Task: Beginning with the top line of the listing below, give again every line up to and including the line with "специализированный препарат, улучшающий"; pictures do not belong in the copy.

Supplied information:
+---+

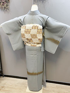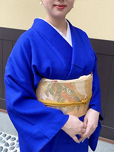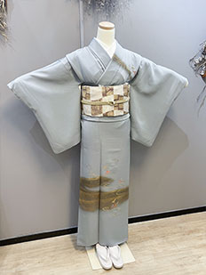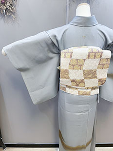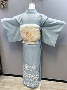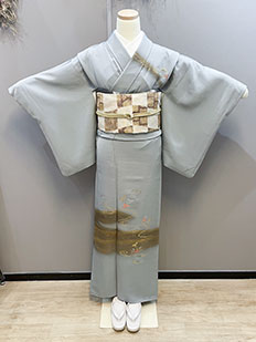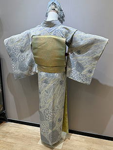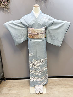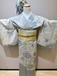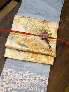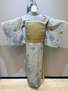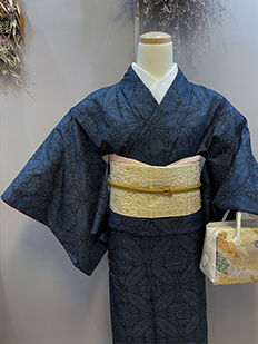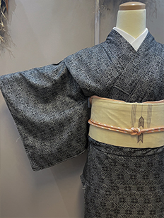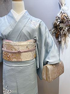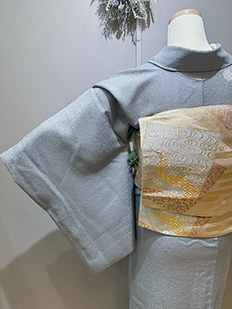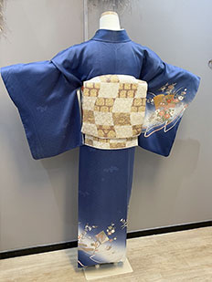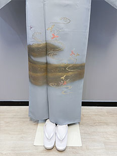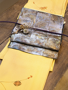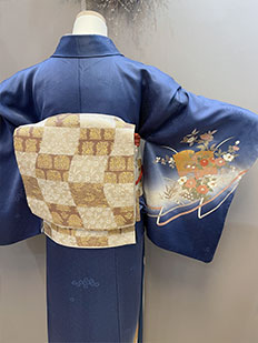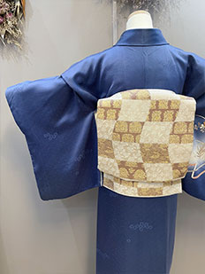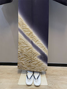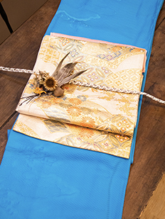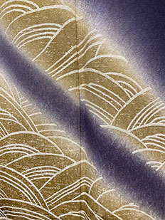 灰青 金刺繍 波模様
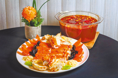 秋冬是品蟹好時節,台北喜來登大飯店米其林一星川揚餐廳「請客樓」,推出季節限定的「金蟹宴」迎饕客。主打「金蒜辣炒帝王蟹」,改良自經典粵菜「避風塘」,主廚嚴選約3公斤重的活體帝王蟹,以川味金蒜炒法呈現香、辣、酥並重的層次風味,搭配成都新一代朝天椒與韓國太陽草辣椒,再與雲林蒜酥炒成底料,蟹殼薄脆金黃、蟹肉鮮嫩噴汁,蒜香濃郁、辣而不麻。
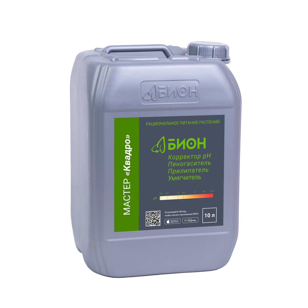 Бион Мастер "Квадро" - специализированный препарат, улучшающий качество воды для опрыскивания и повышающий результативность химических обработок и листовых подкормок растений. Он обладает четырьмя свойствами, необходимыми для подготовки воды при приготовлении рабочего раствора:
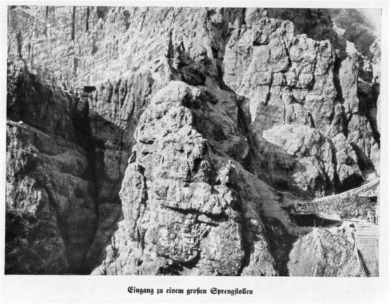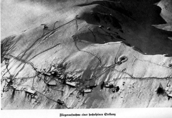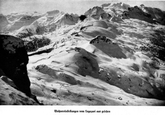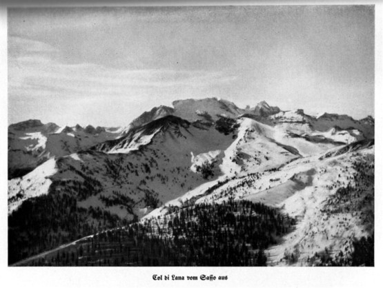 Blick über den Valparolapaß zum Settsass und Col di Lana. Standpunkt der Aufnahme ist oberhalb vom Valparola Lager (Lag da wo heute der Kriegerfriedhof Valparola ist)
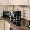 Kühlschrank, Geschirreinrichtung, Elektroherd, Tiefkühlfach, Mikrowelle, Wasserkocher, Kaffeemaschine, Toaster, Eierkocher, Besteck, Gläser

+---+

Answer to this exercise:
 灰青 金刺繍 波模様
 秋冬是品蟹好時節,台北喜來登大飯店米其林一星川揚餐廳「請客樓」,推出季節限定的「金蟹宴」迎饕客。主打「金蒜辣炒帝王蟹」,改良自經典粵菜「避風塘」,主廚嚴選約3公斤重的活體帝王蟹,以川味金蒜炒法呈現香、辣、酥並重的層次風味,搭配成都新一代朝天椒與韓國太陽草辣椒,再與雲林蒜酥炒成底料,蟹殼薄脆金黃、蟹肉鮮嫩噴汁,蒜香濃郁、辣而不麻。
 Бион Мастер "Квадро" - специализированный препарат, улучшающий качество воды для опрыскивания и повышающий результативность химических обработок и листовых подкормок растений. Он обладает четырьмя свойствами, необходимыми для подготовки воды при приготовлении рабочего раствора:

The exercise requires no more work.